# [Exercise goal]
Every line from the one with "得力(deli)LCD带时间" through the end of the entries below must be retyped exactly, and only those lines. The pictures are not part of the copy.

==========

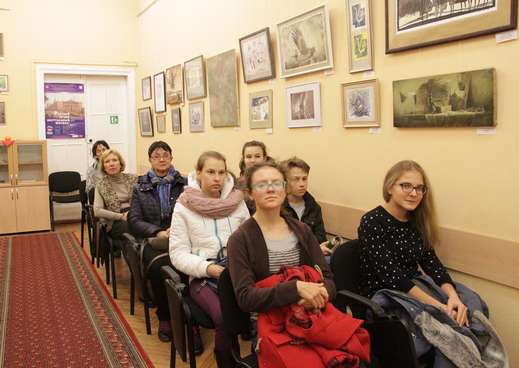 «Живые» уроки изобразительного искусства, отечественной истории и культуры в ИОЦ «Русский музей: виртуальный филиал» традиционно завершаются беседой на действующей экспозиции. Зимой здесь работает выставка «Окрыление», на которой представлено более 40 авторов-современников (Севастополь, Симферополь, Донецк, Архангельск, Москва, Санкт-Петербург), более 100 произведений книжной графики, в том числе цифровой иллюстрации, тематической живописи, скетчинга, художественной, репортажной и экспериментальной фотографии, дизайна, а также авторские книги. От виртуального к реальному.
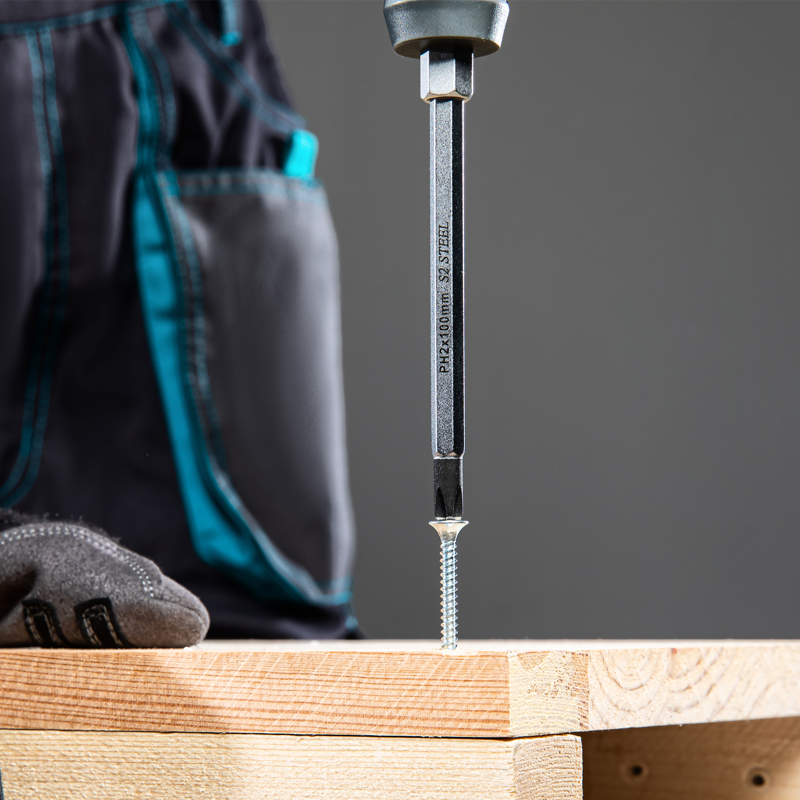 - Удобство использования — шлицы со специальными насечками и фосфатным покрытием надежно сцепляются с головкой крепежа, что снижает риск его повреждения.
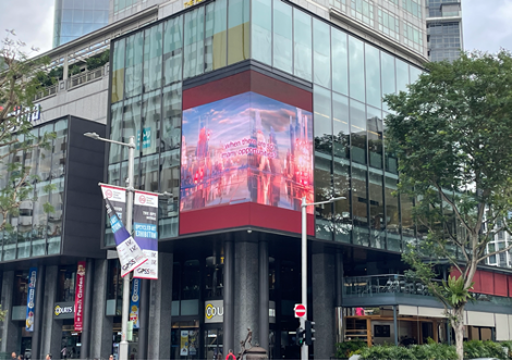 The sweet spot for viewing 3D creatives on this screen is right at the junction in front of H&M’s flagship store on Orchard Road. The Heeren screen gets a captive audience from shoppers waiting to cross the road towards and from Takashimaya (313@Somerset), especially from 6 p.m. onwards when the brightly lit LED screen easily captivates passersby.
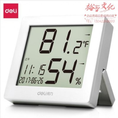得力(deli)LCD带时间闹钟电子温湿度计 白色8813SKU:yzwhyp819036
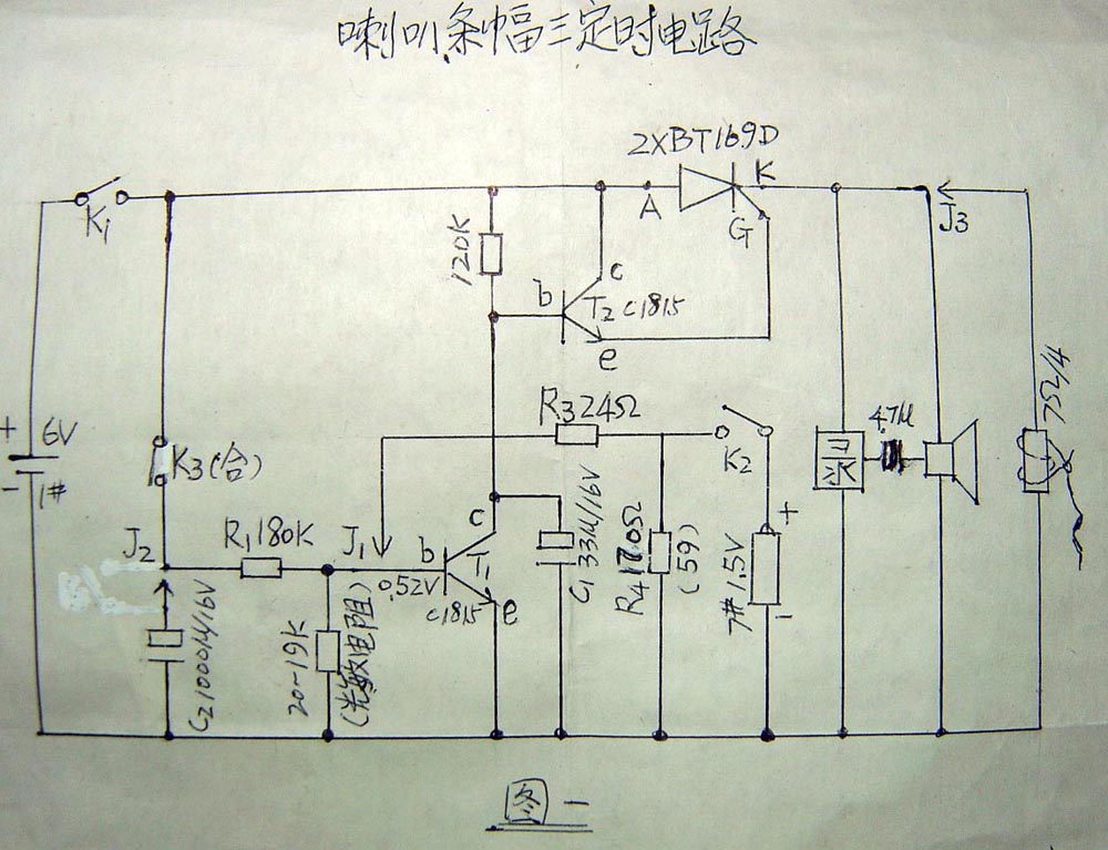 3. 电路工作原理:合上开关K2接通延时电路(7号1.5V电池开始放电延时约24小时晚上挂前再合K1),待电压降值T1三极管b极0.52V时管慢速关闭,T2管导通触发可控硅喇叭响。(也可把T1管换高速开关管2SC4452——4455都行,略贵)
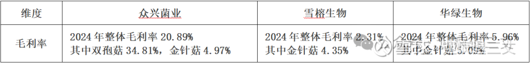 目前,国内食用菌行业主要的上市公司对手包括雪榕生物、华绿生物等。这是一个标准的种植行业,技术门槛、研发门槛都是很低的,你能做,我就能做,你能种,我也能种,比拼的无非是产品差异化、规模效应、成本控制等这些细活。同拉这三家公司的产品毛利率和整体毛利率来看。
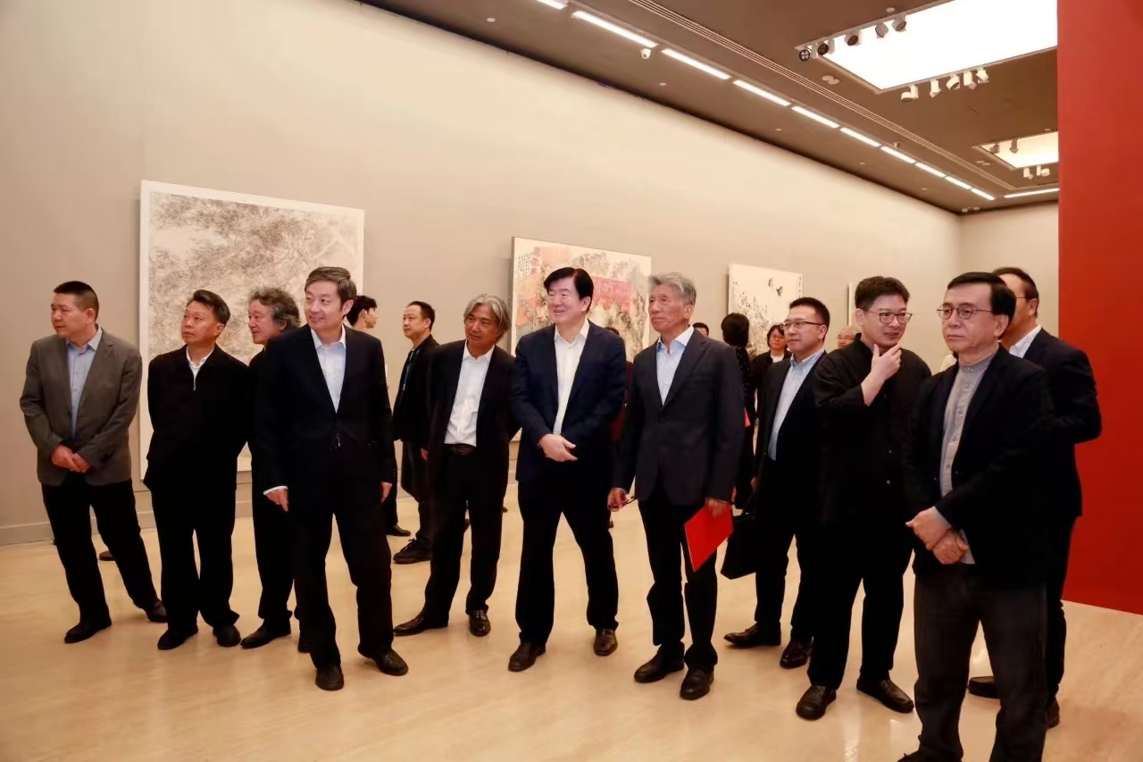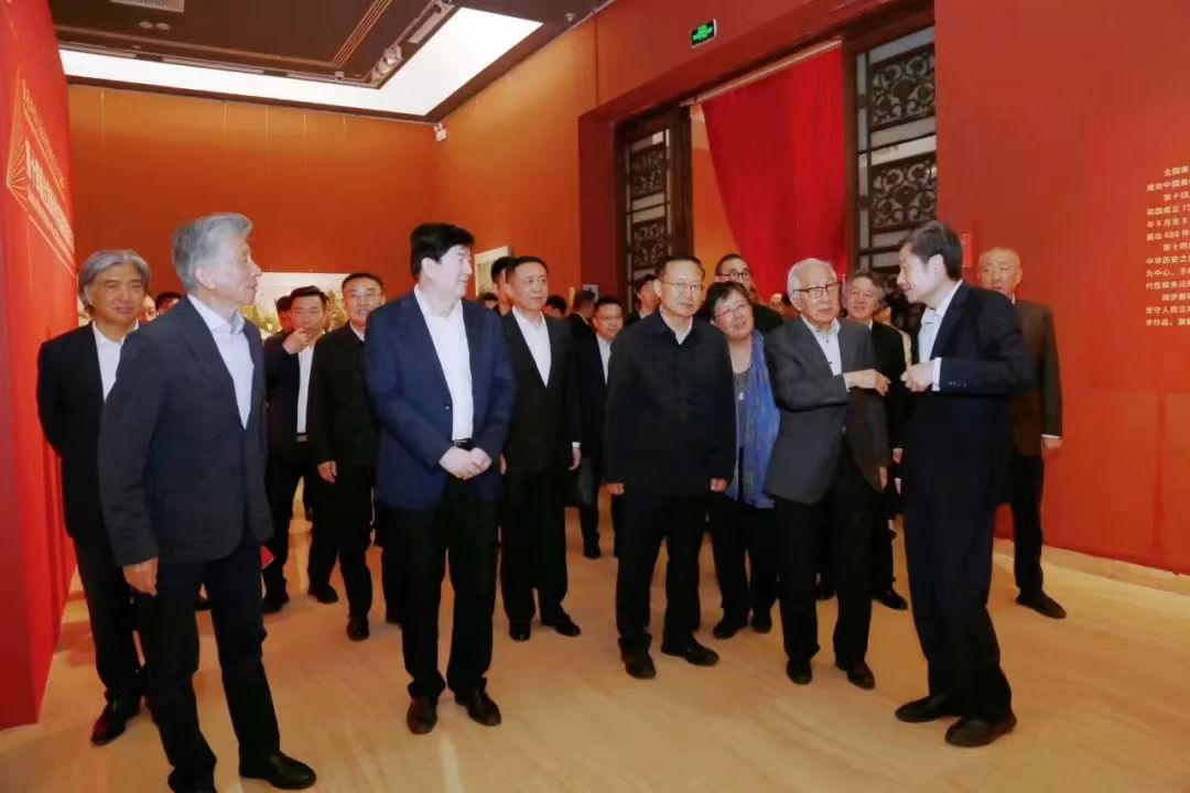 中央宣传部副部长、文化和旅游部部长孙业礼出席开幕式并宣布展览开幕。中国文联党组书记、副主席李屹,中国作协党组书记、副主席张宏森,文化和旅游部党组成员、副部长卢映川,中国文联党组成员、副主席诸迪,全国政协副秘书长、中国美术馆馆长吴为山,中国国家博物馆馆长高政,中国文联党组成员、书记处书记、中国美协副主席高世名,中国文联党组成员、书记处书记谢力,中国美协主席范迪安,中宣部文艺局局长陈名杰,中国美协分党组书记、驻会副主席马锋辉,中央美术学院院长林茂,文化和旅游部办公厅副主任张剑,财务司司长王明亮,艺术司司长明文军、副司长何亚文,中国文联办公厅副主任胡英军,机关党委副书记、机关纪委书记郑旭东,国际联络部主任于海琳,理论研究室主任周由强,离退休干部局副局长李华,军委政治工作部宣传局文化环境建设保障室主任马登东,中国美协副主席王来文、刘万鸣、林蓝、庞茂琨、贾广健,中国美协分党组成员、秘书长王平、副秘书长章云,中国美术馆党委书记安远远、副馆长潘义奎,老艺术家代表靳尚谊、孙景波、代大权等出席开幕式,李屹、卢映川、吴为山、范迪安致辞,诸迪主持开幕式。
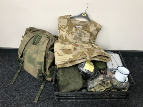 A large quantity of military surplus clothing, body armour etc
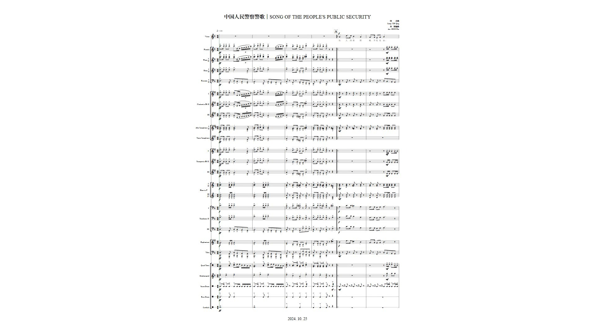 UP主: 封面: 简介:2024年10月受某警乐团委托编曲,2025年1月重新修订定稿。本曲使用noteperformer制作回放音频,如有实际演奏的曲谱需求,可私信联系up主。Up主非专业人士,乐曲中存在的各种...

==========

# [Solution for this exercise]
得力(deli)LCD带时间闹钟电子温湿度计 白色8813SKU:yzwhyp819036
 3. 电路工作原理:合上开关K2接通延时电路(7号1.5V电池开始放电延时约24小时晚上挂前再合K1),待电压降值T1三极管b极0.52V时管慢速关闭,T2管导通触发可控硅喇叭响。(也可把T1管换高速开关管2SC4452——4455都行,略贵)
 目前,国内食用菌行业主要的上市公司对手包括雪榕生物、华绿生物等。这是一个标准的种植行业,技术门槛、研发门槛都是很低的,你能做,我就能做,你能种,我也能种,比拼的无非是产品差异化、规模效应、成本控制等这些细活。同拉这三家公司的产品毛利率和整体毛利率来看。
 中央宣传部副部长、文化和旅游部部长孙业礼出席开幕式并宣布展览开幕。中国文联党组书记、副主席李屹,中国作协党组书记、副主席张宏森,文化和旅游部党组成员、副部长卢映川,中国文联党组成员、副主席诸迪,全国政协副秘书长、中国美术馆馆长吴为山,中国国家博物馆馆长高政,中国文联党组成员、书记处书记、中国美协副主席高世名,中国文联党组成员、书记处书记谢力,中国美协主席范迪安,中宣部文艺局局长陈名杰,中国美协分党组书记、驻会副主席马锋辉,中央美术学院院长林茂,文化和旅游部办公厅副主任张剑,财务司司长王明亮,艺术司司长明文军、副司长何亚文,中国文联办公厅副主任胡英军,机关党委副书记、机关纪委书记郑旭东,国际联络部主任于海琳,理论研究室主任周由强,离退休干部局副局长李华,军委政治工作部宣传局文化环境建设保障室主任马登东,中国美协副主席王来文、刘万鸣、林蓝、庞茂琨、贾广健,中国美协分党组成员、秘书长王平、副秘书长章云,中国美术馆党委书记安远远、副馆长潘义奎,老艺术家代表靳尚谊、孙景波、代大权等出席开幕式,李屹、卢映川、吴为山、范迪安致辞,诸迪主持开幕式。
 A large quantity of military surplus clothing, body armour etc
 UP主: 封面: 简介:2024年10月受某警乐团委托编曲,2025年1月重新修订定稿。本曲使用noteperformer制作回放音频,如有实际演奏的曲谱需求,可私信联系up主。Up主非专业人士,乐曲中存在的各种...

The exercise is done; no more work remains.